There remains a Critical Item, though: when is the actual delivery. American governments—not just the Biden administration, this time—have a venerable history of slow-walking actual delivery to the RoC.

Tax Cuts are Costly

Arkansas’ Republican Governor Sarah Huckabee Sanders has signed into law the State’s latest round of individual and corporate tax cuts. “Finance officials” say that

the cuts will cost about $483 million the first year and $322 million a year after that.

Sanders also has signed into law a different tax cut, this one in the form of a tax credit increase. This one

increases the homestead tax credit from $425 to $500, retroactive to January 1.

“Finance officials” piped up again:

That cut will cost $46 million.

Cost whom, exactly? The money isn’t the State government’s after all. The money belongs to the citizens of Arkansas, they just remit it in the form of tax levies. It doesn’t cost the government a single copper penny to not get what doesn’t belong to it.

Beyond those “financial officials'” distortion, there’s another item missing from their pseudo-analysis.

Those officials are ignoring the impacts of the increased economic activity in the State’s private economy from all that money now being left in the private hands of the State’s citizens and private businesses. There are two primary impacts. One is the increased prosperity of those citizens both from their being able to hold onto more of their money and from that increased economic activity. The other is the increased tax receipts the government will receive, on net despite the reduced tax rates, from the increased aggregated revenues flowing from all that increased economic activity.

Spending vs Revenue

…in the Progressive-Democratic Party’s world.

The Wall Street Journal‘s editors have this one right.

CBO projects that this year’s budget deficit will clock in at roughly $2 trillion, some $400 billion more than it forecast in February and $300 billion larger than last year’s deficit.

Notably, CBO’s revenue projections are little changed. Revenue is expected to total 17.2% of GDP this year—roughly the 50-year average before the pandemic….

So, whence the deficit explosion? Plainly, it’s in all that spending that the Progressive-Democrat President Joe Biden and his Party syndicate in the House and Senate insist on doing.

CBO significantly revised up projections for federal spending. Outlays are now expected to hit 24.2% of GDP this year and average 24% over the next decade. Wow.
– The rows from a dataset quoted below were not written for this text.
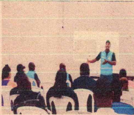
Imagen 15. Taller No1.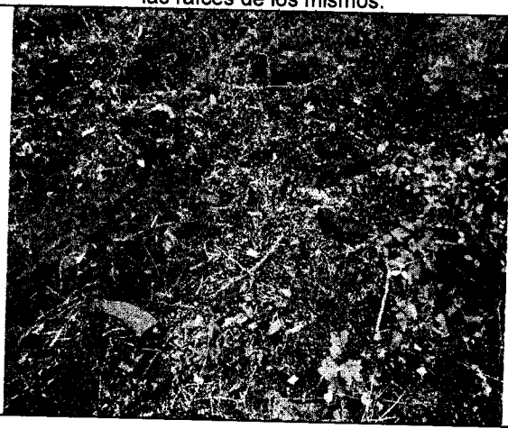
Fig. N° 7 Exposición de residuos en arbustos.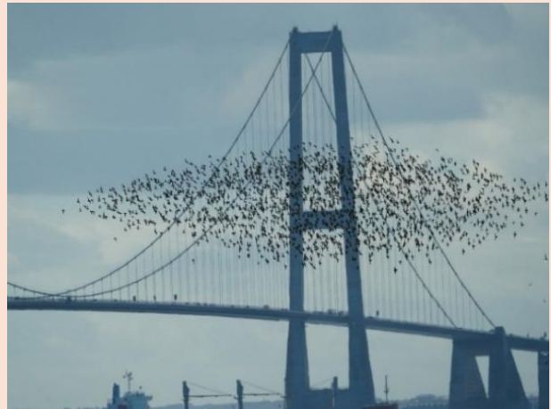
Hjejler - over Storebæltsbroen

DOF VSJ sluttede år 2024 med flot kassebeholdning på: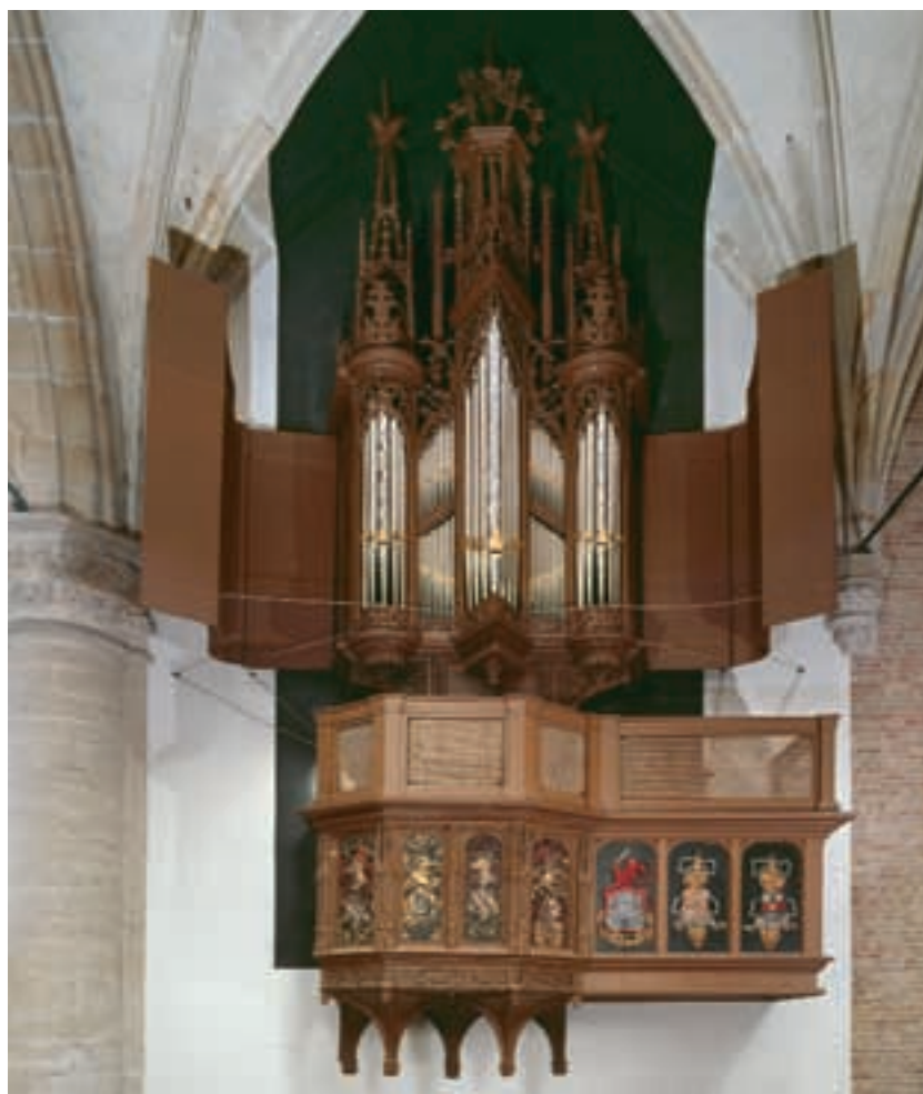
AFBEELDING 3 Het koororgel van de Grote Kerk van Alkmaar (1511)

Het was echter op vijftiende-eeuwse orgels nog niet mogelijk om uit verschillende soorten klanken, registers, te kiezen. Maar in de zestiende eeuw ontwikkelden orgelmakers twee systemen om dat wel te kunnen en die registers naar eigen inzicht te combineren. In die tijd ontstonden ook orgelregisters die andere instrumenten imiteren, zoals fluit, gemshoorn en trompet. De Nederlandse orgelmakers waren in de zestiende eeuw de meest moderne en toonaangevende in Europa. Van een van hen, Jan van Covelens, is een klein orgel bewaard gebleven in de Grote Kerk van Alkmaar, het koororgel uit 1511 (ZIE AFBEELDING 3). Zijn opvolger Hendrik Niehoff bouwde behalve in Nederland ook in Noord-Duitsland enkele orgels, die daar een inspiratiebron bleken voor de plaatselijke orgelmakers.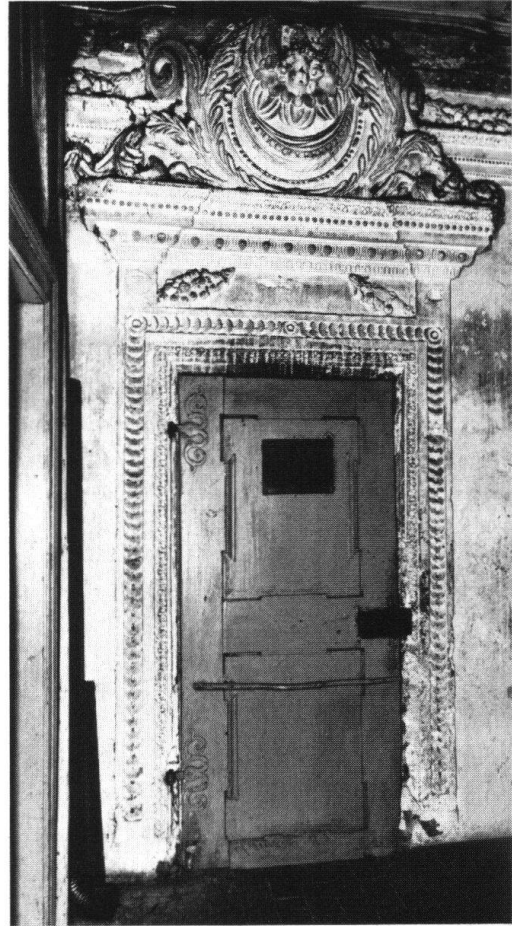
Rüttenen, ehemaliges Landhaus Glutz. Stucktüre der Brüder Schmutzer aus Wessobrunn (um 1678)

Nach dem Vorschlag des kantonalen Komitees sollte das Schützenhaus auf eine zweckmässige Weise wieder in das Leben der städtischen Gemeinschaft eingegliedert werden. Standort, Bauform, Raumeinteilung des Gebäudes legen die neuerliche Verwendung als Gastbetrieb und Gesellschaftshaus nahe. Das Bedürfnis ist allgemein anerkannt. Der markante Baukubus kann ohne grosse Veränderung restauriert werden, ebenso der angebaute Schützenstand, während die hässlichen Holzbaracken beseitigt werden müssten.

Mind you, that’s against a steadily, if slowly, growing GDP. That projection means that Party spending will be growing, too. All while revenue remains steady—which is to say, flat/not growing.

This is the politicians of the Progressive-Democratic Party’s utter inability to say “cut spending,” which plays into their inability actually to cut spending. After all, the money, in their minds, isn’t real; it’s only monopoly money, and if they need want more dollars, they have only to go to their Modern Monetary Policy money tree and pick more dollar bills from the branches.

The reality, though, is that the money Progressive-Democrats demand to spend is our money. Those politicians have no skin in the game beyond their political power. The skin us average Americans have in this game is real: our ability to get along in the real (and real economic) world in which we live, having as we do, only those real dollars that Party policies steadily devalue.

We need to remember that this November.